Let's begin by importing matplotlib.pyplot
and seaborn
.
import seaborn as sns
import matplotlib
import matplotlib.pyplot as plt
%matplotlib inline
sns.set_style('darkgrid')
matplotlib.rcParams['font.size'] = 14
matplotlib.rcParams['figure.figsize'] = (9, 5)
matplotlib.rcParams['figure.facecolor'] = '#00000000'
Let's look at the number of countries from which there are responses in the survey and plot the ten countries with the highest number of responses.
schema.Country
'Where do you live?'
survey_df.Country.nunique()
183
We can identify the countries with the highest number of respondents using the value_counts
method.
top_countries = survey_df.Country.value_counts().head(15)
top_countries
United States 12371
India 8364
United Kingdom 3881
Germany 3864
Canada 2175
France 1884
Brazil 1804
Netherlands 1332
Poland 1259
Australia 1199
Spain 1157
Italy 1115
Russian Federation 1085
Sweden 879
Pakistan 802
Name: Country, dtype: int64
We can visualize this information using a bar chart.

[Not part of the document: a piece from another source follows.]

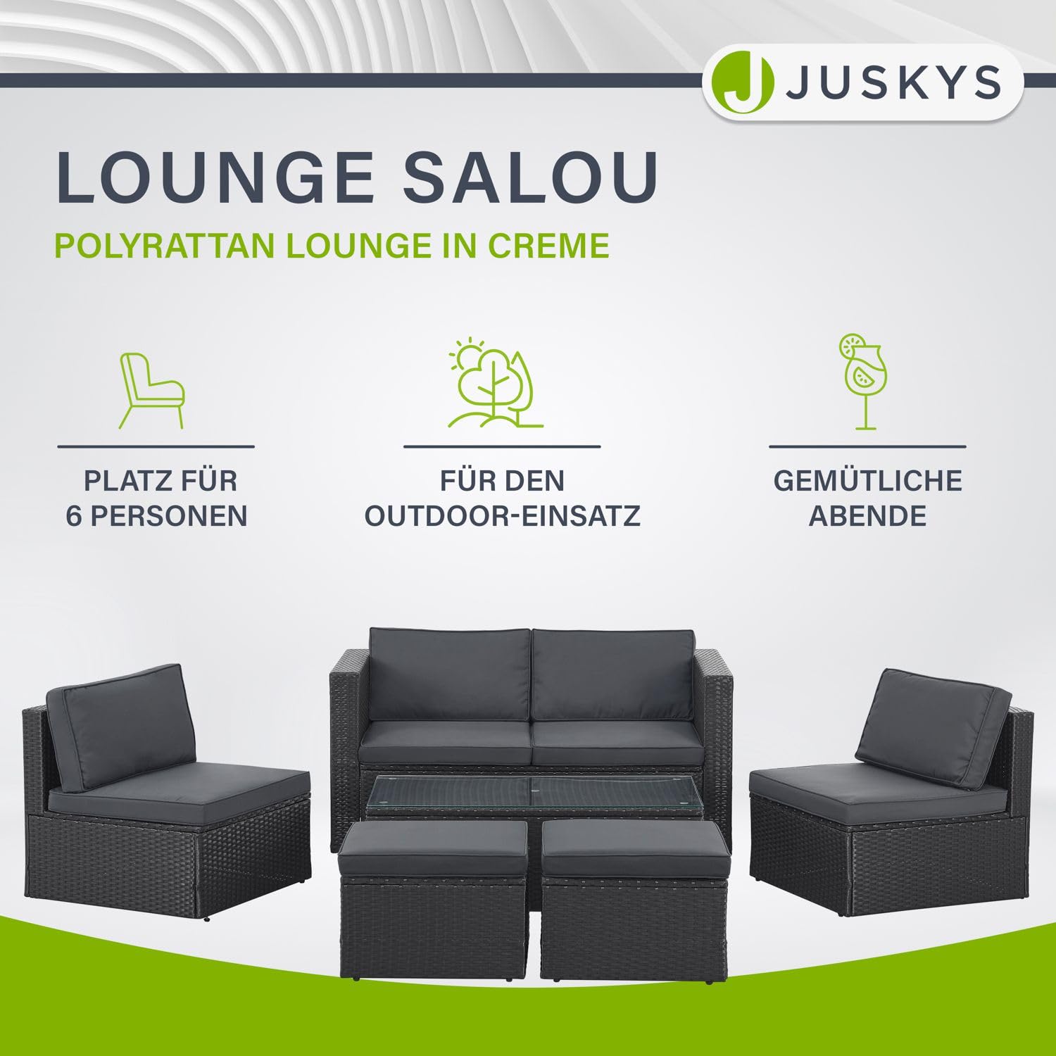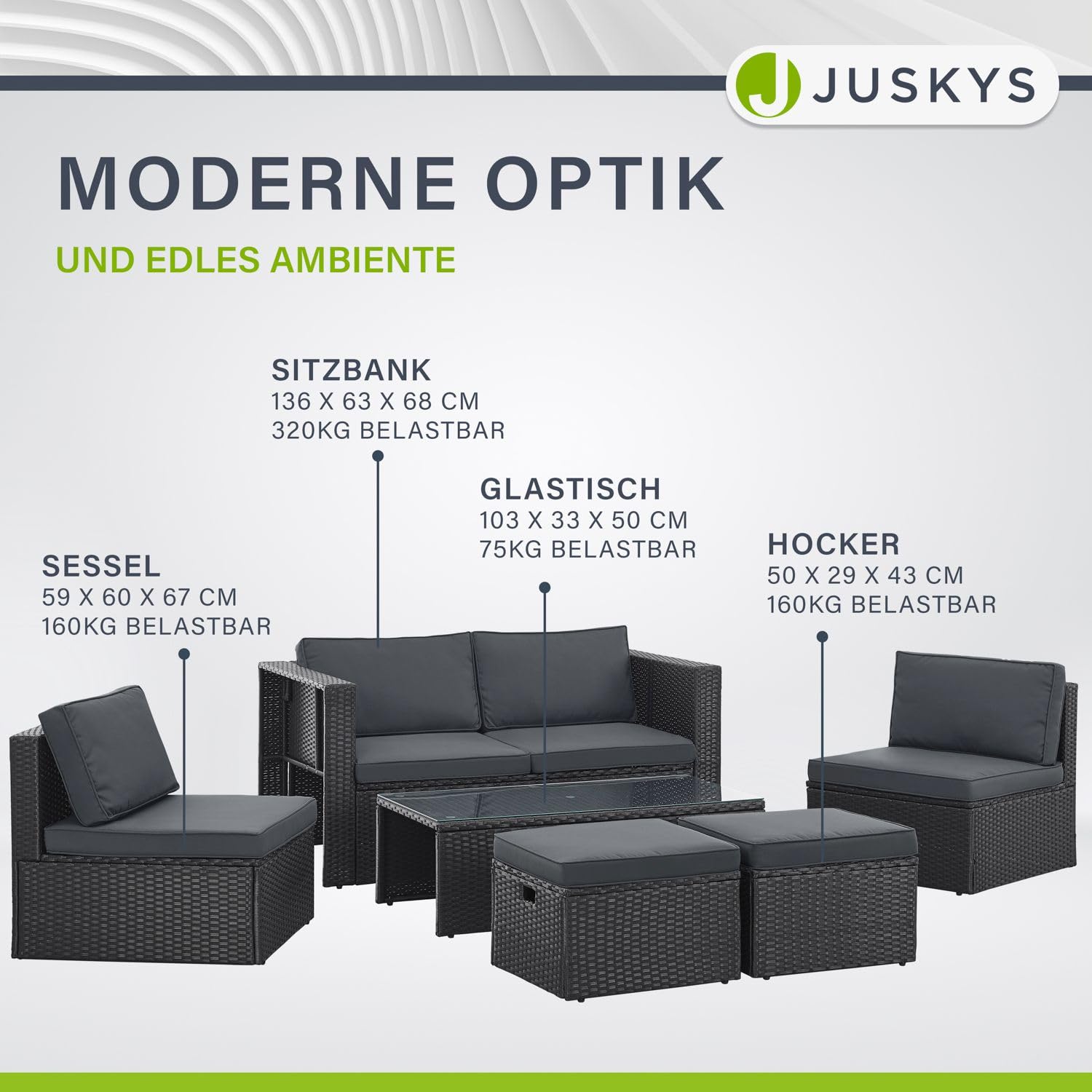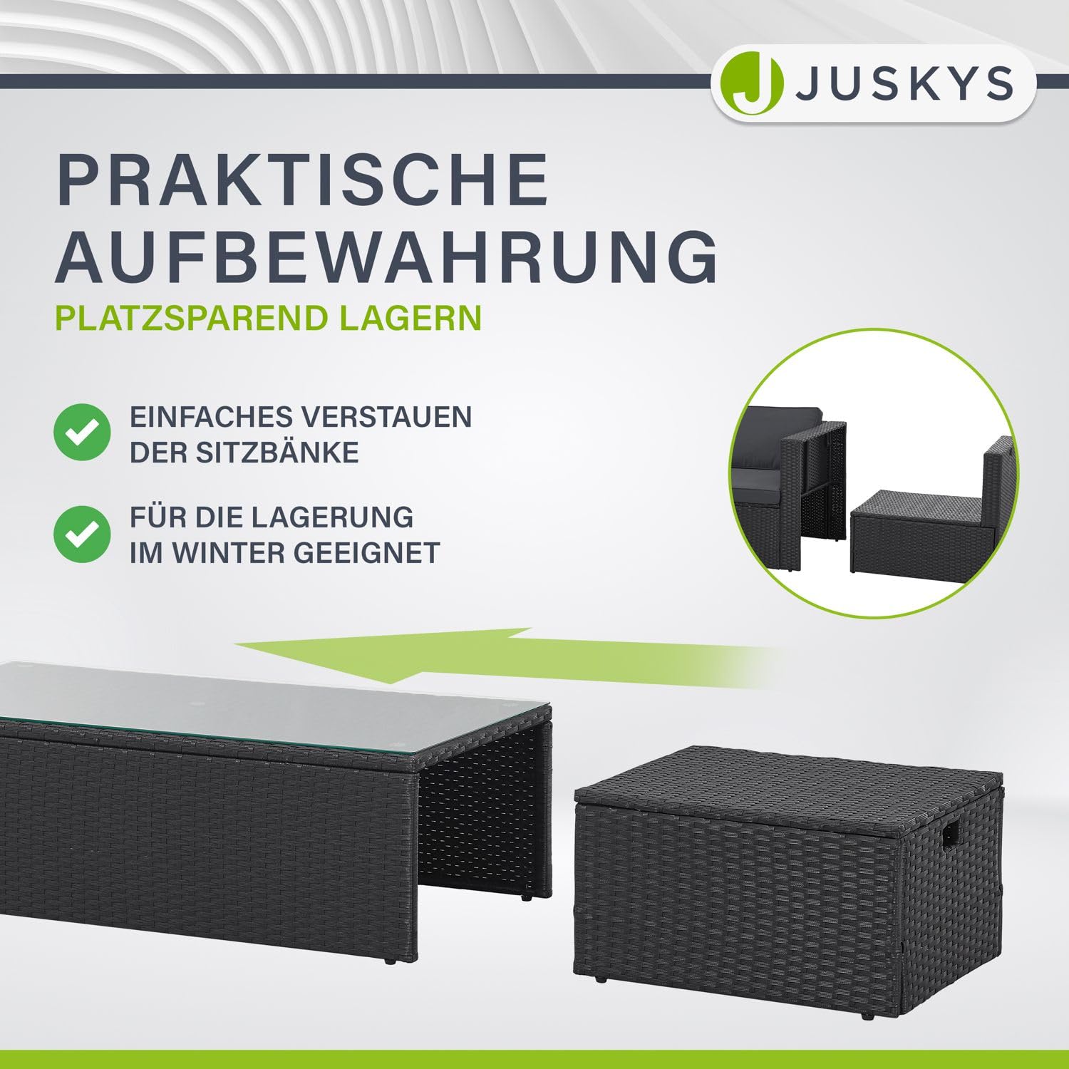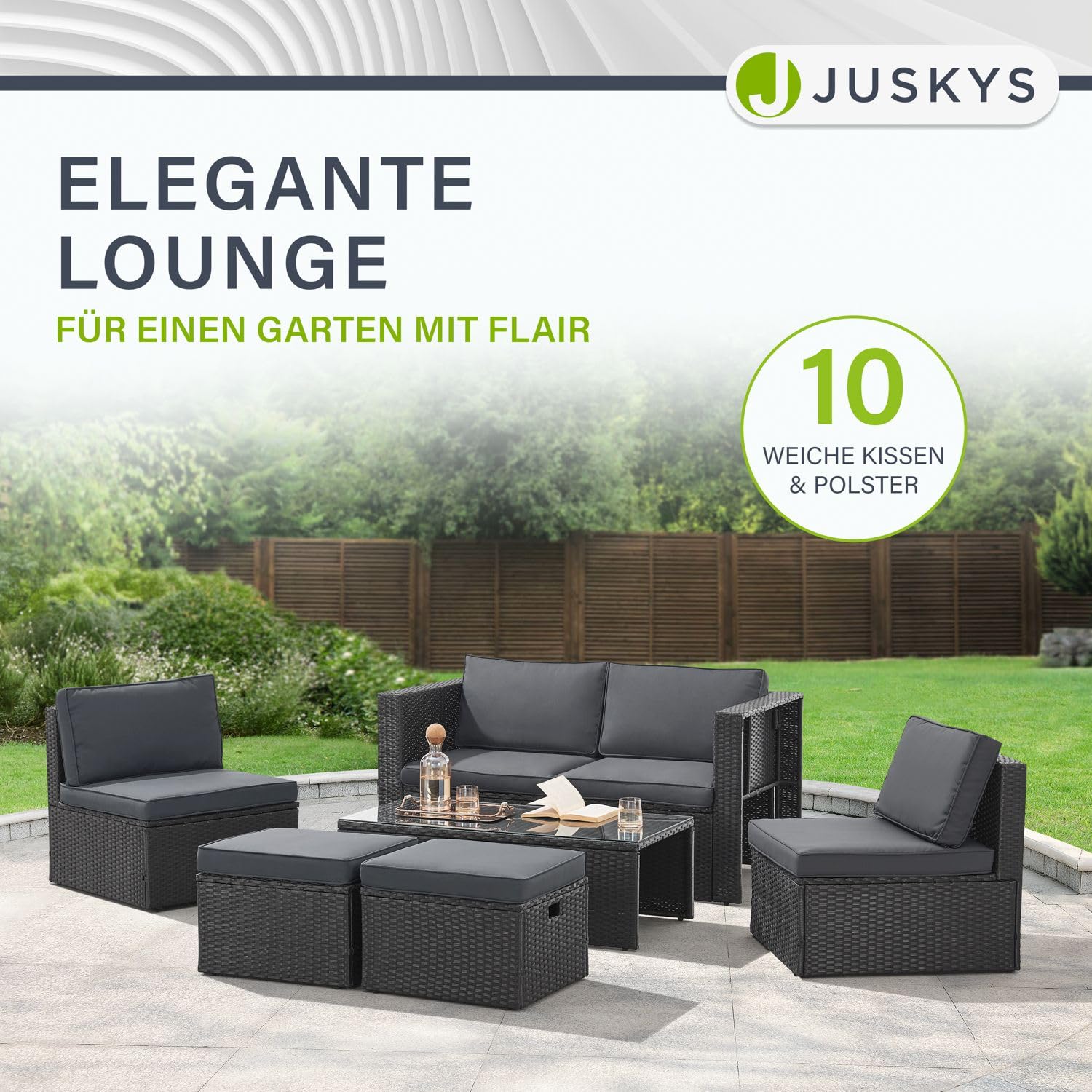 Juskys Polyrattan Gartenmöbel Set Salou - Outdoor Lounge wetterfest 6 Personen - Sitzecke mit Tisch & Kissen für Garten, Balkon, Terrasse - Schwarz

plt.figure(figsize=(12,6))
plt.xticks(rotation=75)
plt.title(schema.Country)
sns.barplot(x=top_countries.index, y=top_countries);
It appears that a disproportionately high number of respondents are from the US and India, probably because the survey is in English, and these countries have the highest English-speaking populations. We can already see that the survey may not be representative of the global programming community - especially from non-English speaking countries. Programmers from non-English speaking countries are almost certainly underrepresented.

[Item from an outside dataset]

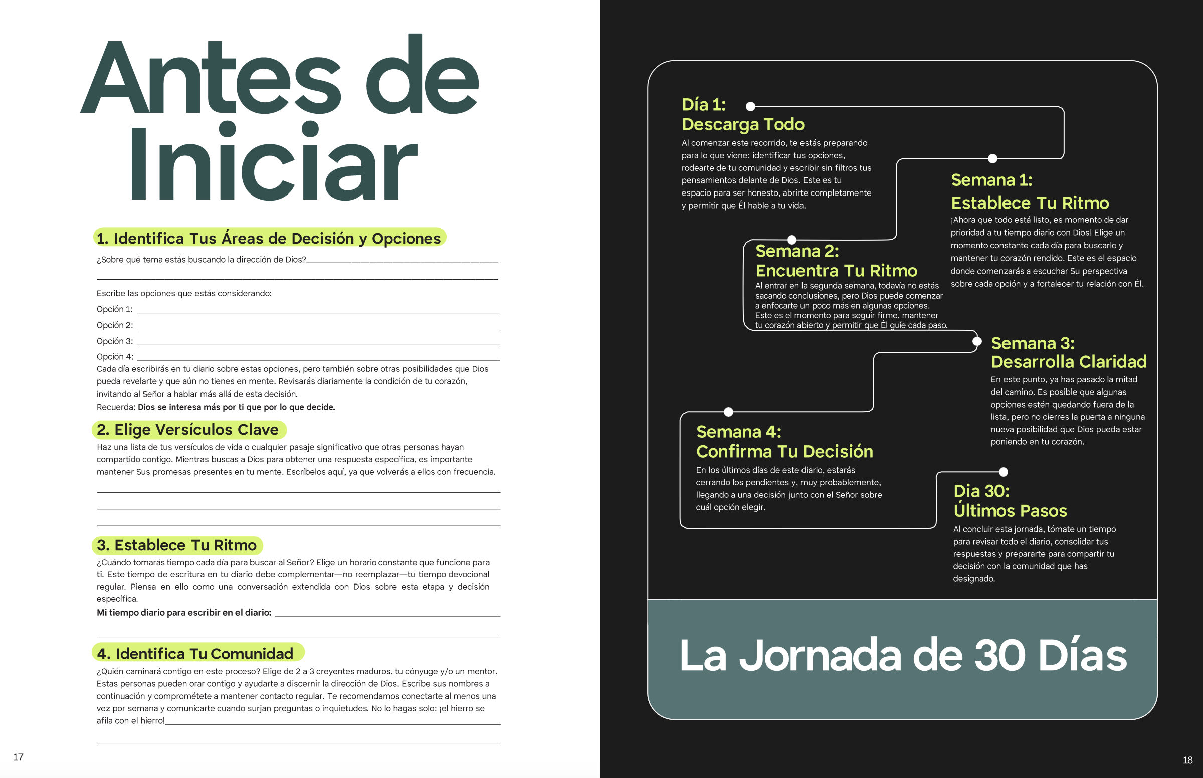 Esta experiencia de 30 días está diseñada para ayudarte a responder esa pregunta — no con suposiciones ni esfuerzos propios, sino cultivando ritmos diarios de escuchar la voz de Dios, escribir en tu diario Sus palabras y fortalecer la confianza en las decisiones que tomas.
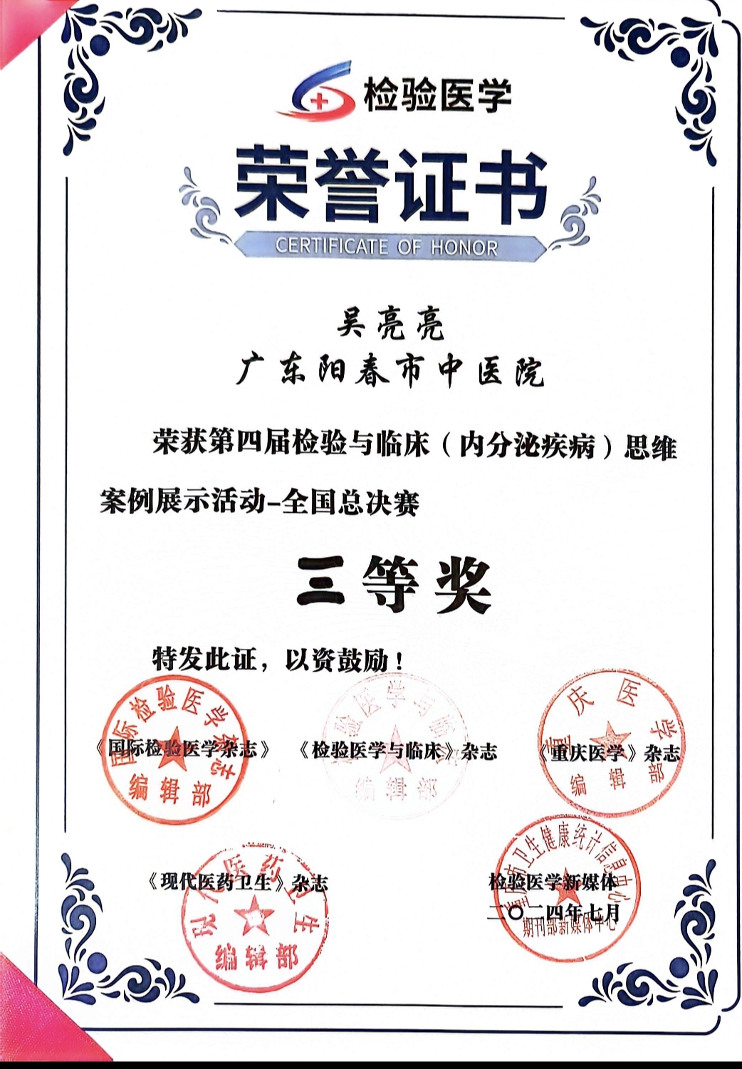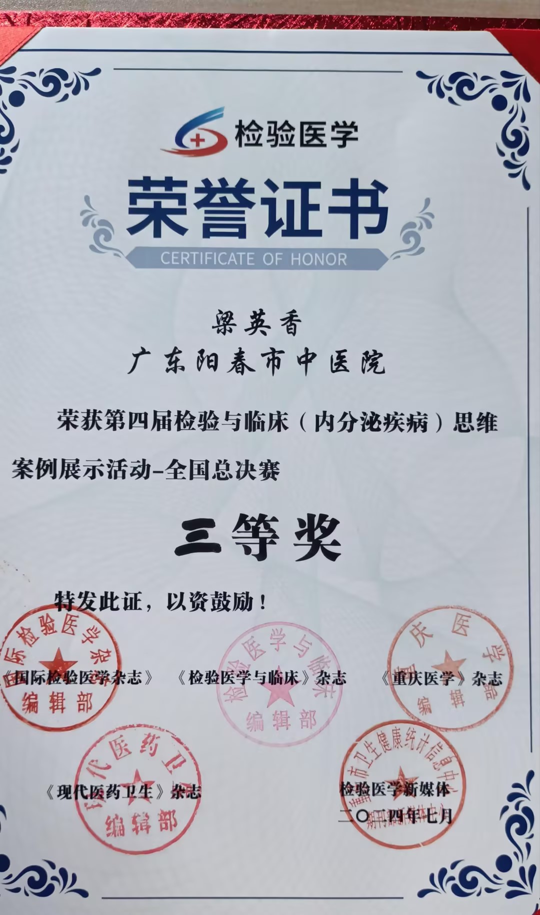 【喜讯】我院吴亮亮、梁英香荣获第四届检验与临床(内分泌疾病)思维案例展示活动全国总决赛三等奖、稿件质量排名全国第3

Exercise: Try finding the percentage of responses from English-speaking vs. non-English speaking countries. You can use this list of languages spoken in different countries.
The distribution of respondents' age is another crucial factor to look at. We can use a histogram to visualize it.
plt.figure(figsize=(12, 6))
plt.title(schema.Age)
plt.xlabel('Age')
plt.ylabel('Number of respondents')
plt.hist(survey_df.Age, bins=np.arange(10,80,5), color='purple');
It appears that a large percentage of respondents are 20-45 years old. It's somewhat representative of the programming community in general. Many young people have taken up computer science as their field of study or profession in the last 20 years.
Exercise: You may want to filter out responses by age (or age group) if you'd like to analyze and compare the survey results for different age groups. Create a new column called AgeGroup containing values like Less than 10 years
, 10-18 years
, 18-30 years
, 30-45 years
, 45-60 years
and Older than 60 years
. Then, repeat the analysis in the rest of this notebook for each age group.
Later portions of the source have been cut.